- [DATASET ENTRIES]
=== Section Start ===

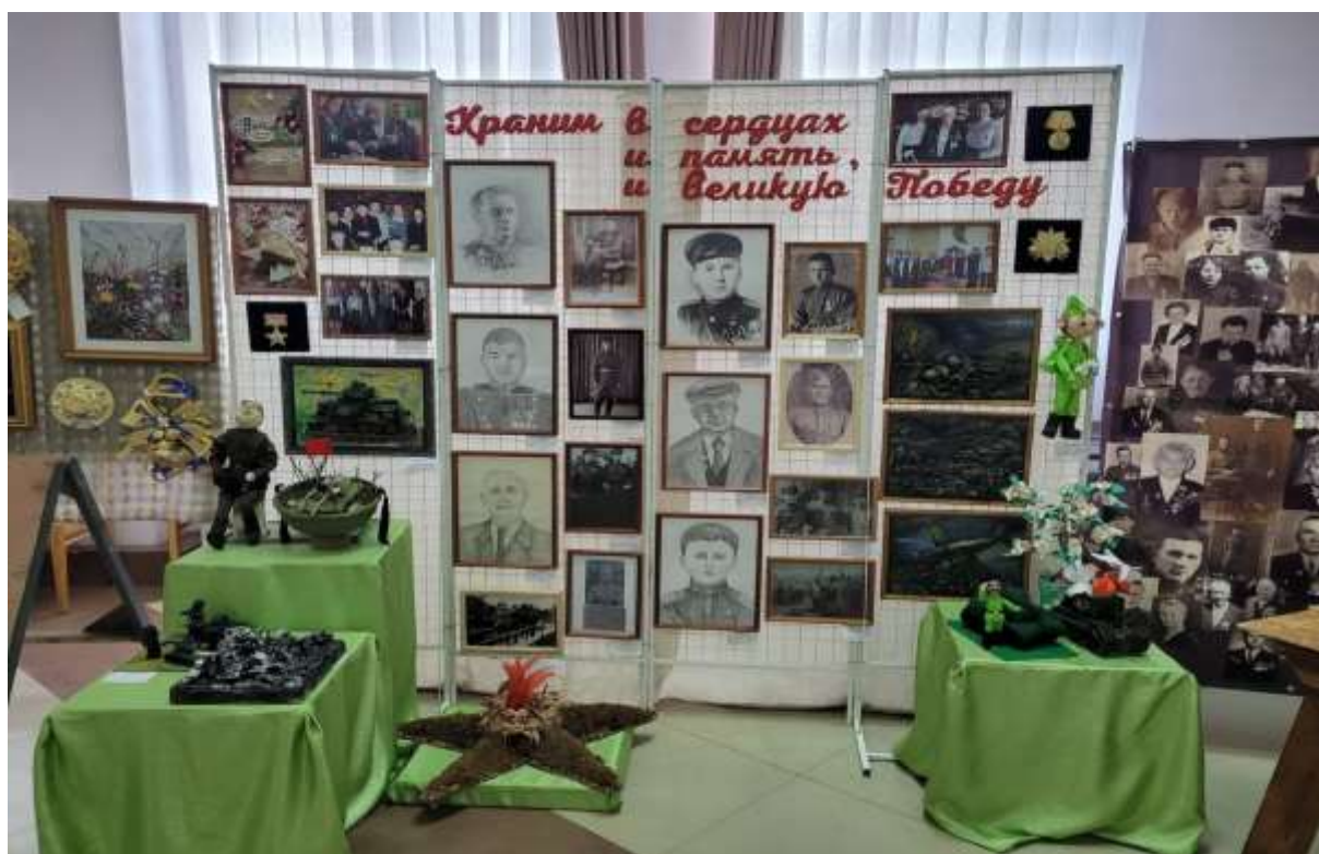
Фото 1. Передвижная выставка в киноконцертном зале «Искра»
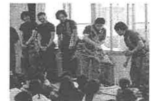
生産者の学校訪問の様子
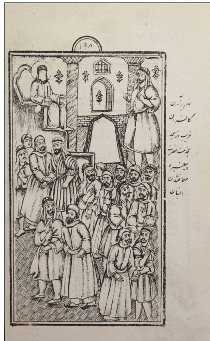
تصویر ۸: مهمان شدن کافران در خدمت پیغمبر (ص) (مفتاح الملک، ۱۳۰۹: ۱۹۸)

تصویرسازی، قسمتی از داستان را نمایش می دهد که کافران به مسجد رسیده و درخواست پناه دادن از سوی پیامبر (ص) را می کنند و هرکدام از اصحاب یکی از کافران را برای پذیرایی انتخاب نموده است. در این بین، یکی از کافران که فربه و چاق است تنها مانده و روبه روی پیامبر (ص) ایستاده است.
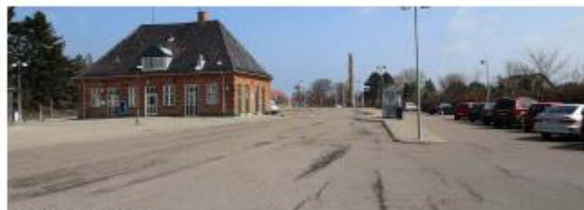
Den øde stationsplads
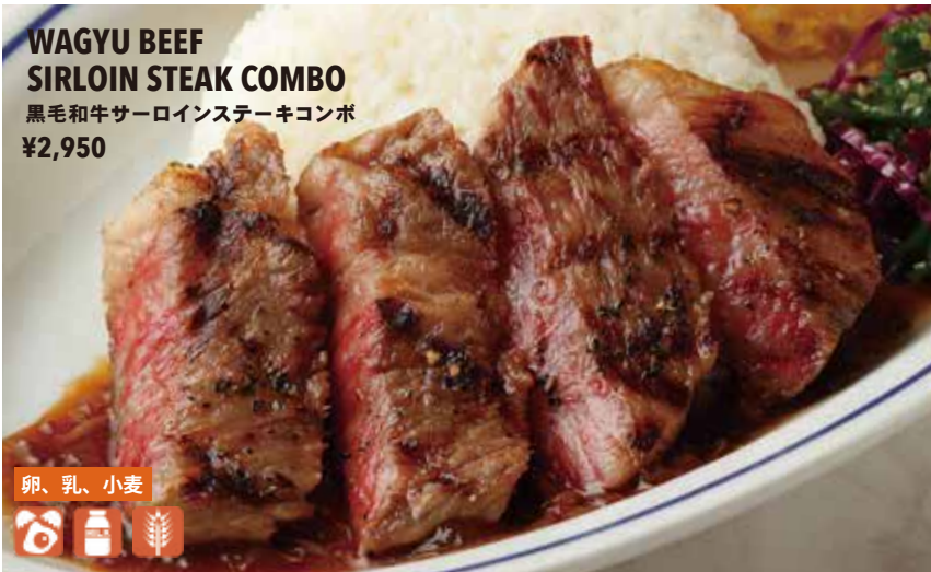
WAGYU BEEF SIRLOIN STEAK COMBO 黒毛和牛サーロインステーキコンボ ¥2,950
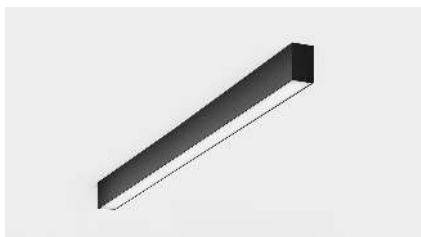
Ceiling light type - CLT-02

Item Height: 8.4 CM Item Length: 98 CM Item Width: 5.6 CM Type of light source : LED Power consumption,W: 26W CCT,K: 2200 K Input Voltage, V: 220-240V, 50HZ IP Code: IP65 Case material: Aluminium Color: Paint grey
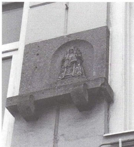
Hinthamerstraat 21/23, beeldje Zoete Moeder in de voor-gevel. In de kleine kelder van dit huis zaten tijdens de bevrijding veel evacués uit Berlicum.

De bouwsporen, de keramische beeldjes van de Zoete Moeder van Den Bosch, die uit dankbaarheid in veel gevels zijn aangebracht, en het Welsh Division Memorial moeten de oorlogsherinneringen levend houden, ook voor de na-oorlogse generaties.
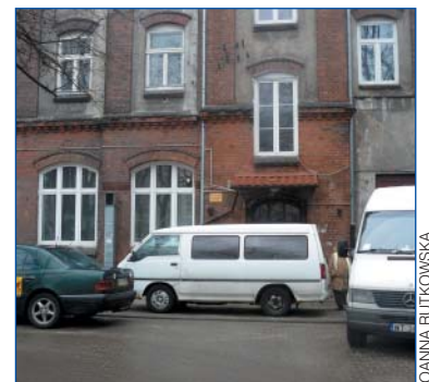
Kierowcy zastawiają nawet wejście do domu (Bema 81)
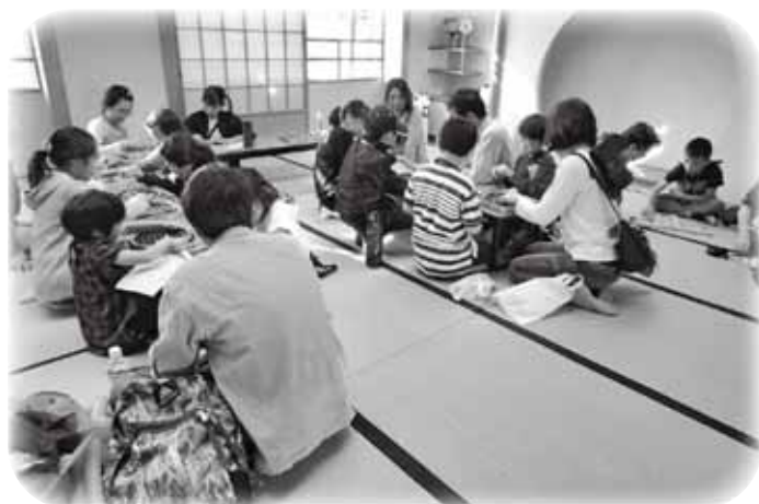
脳トレ～マナビィランド《体験》

団体であれば、どなたでも登録できます。地域・学校・福祉施設などで発表したり、教えたりします。
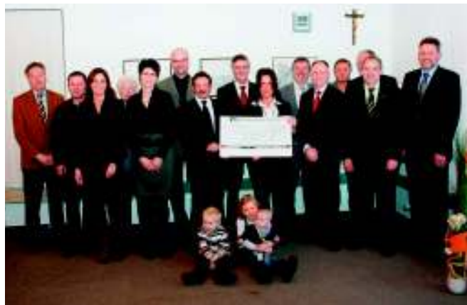
Unser Bild zeigt die Spendenempfänger mit den Jubilaren bei der Übergabe im Gebäude der Bank.

Gelegenheit, den Bankmitarbeitern ihre Einrichtungen und Aufgaben näher zu erläutern, und erwarben damit viel Verständnis und Anteilnahme für ihre Arbeit.
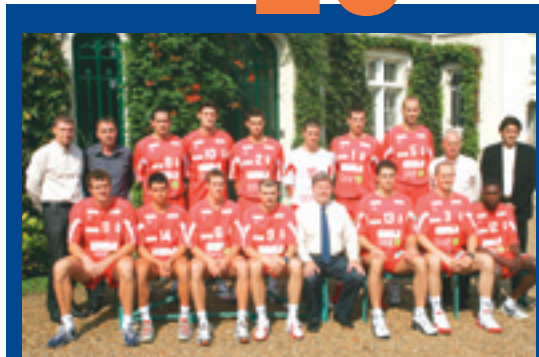
BOUC VOLLEY L'équipe officielle de la saison en cours
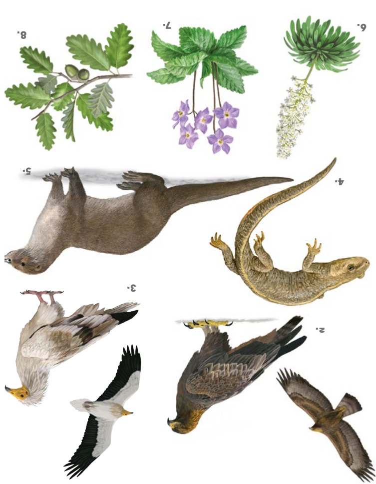
Dibuixos: Toni Llobet

Fauna i flora Les parets i roquissars de l'estret congost, són un dels ambients més singulars de l'espai, on hi creixen plantes curioses com l'orella d'ós i la corona de rei, i nien rapinyaires com el tencalós, l'àliga daurada o el voltor comú. A més dels pinya-segats i del riu, on de vegades s'hi veuen lúdrigues, trobem diversos am- bients segons l'orientació dels vessants. A les obagues hi ha denses rouredes, i la vegetació mediterrània domina les solanes amb alzinars, boxeders i broles. La carena del Montsec, seca i fortament batuda pel vent, es cobreix de prats secs i matollars. La gran biodiversitat de l'indret es completa amb els ambients caver- coles de coves i avencs, refugi de rat-penats i altres animals del medi subterrani.
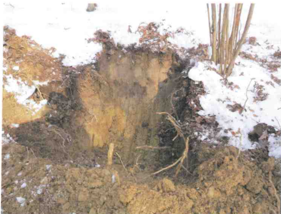
Obr. č.4. Ilovito- hlinité podložie je vhodný zdroj pre ílové tesnenie.
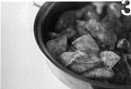
3 닭고기, 감자, 양파를 양념장에 버무려 재운다.
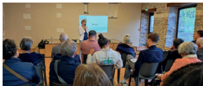
Rencontre avec les acteurs économiques
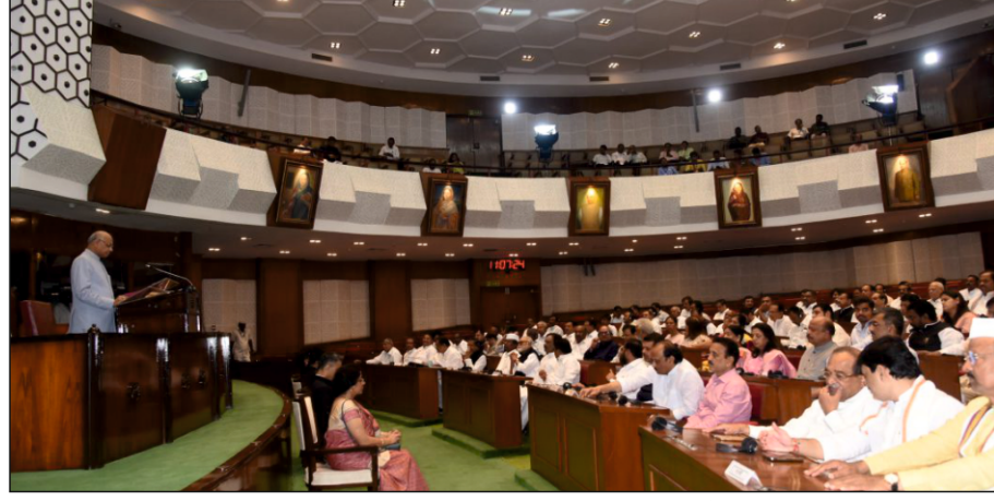
मुंबई : विधीमंडळ अधिवेशनाची सुरुवात संयुक्त सभागृहात राज्यपाल रमेश बैस अभिभाषण करताना
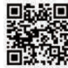
▲ウイングパーク 公式 Instagram
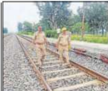
पटरी पर गश्त करती जीआरपी टीम।

भटनी, हिन्दुस्तान संवाद। नोनापार रेलवे स्टेशन के पास सोमवार की सुबह रेल पटरी पर करीब दस मीटर तक ईट और पत्थर बिछाए जाने की घटना ने रेलवे प्रशासन और सुरक्षा विभाग को सतर्क कर दिया। मंगलवार को आरपीएफ और जीआरपी की टीम ने रेल पटरी का निरीक्षण किया।

=== Section End ===

- [WORK REQUIRED] Every line above in which the word "کافران" is present must be copied into the answer.

- [REPLY]
تصویر ۸: مهمان شدن کافران در خدمت پیغمبر (ص) (مفتاح الملک، ۱۳۰۹: ۱۹۸)
تصویرسازی، قسمتی از داستان را نمایش می دهد که کافران به مسجد رسیده و درخواست پناه دادن از سوی پیامبر (ص) را می کنند و هرکدام از اصحاب یکی از کافران را برای پذیرایی انتخاب نموده است. در این بین، یکی از کافران که فربه و چاق است تنها مانده و روبه روی پیامبر (ص) ایستاده است.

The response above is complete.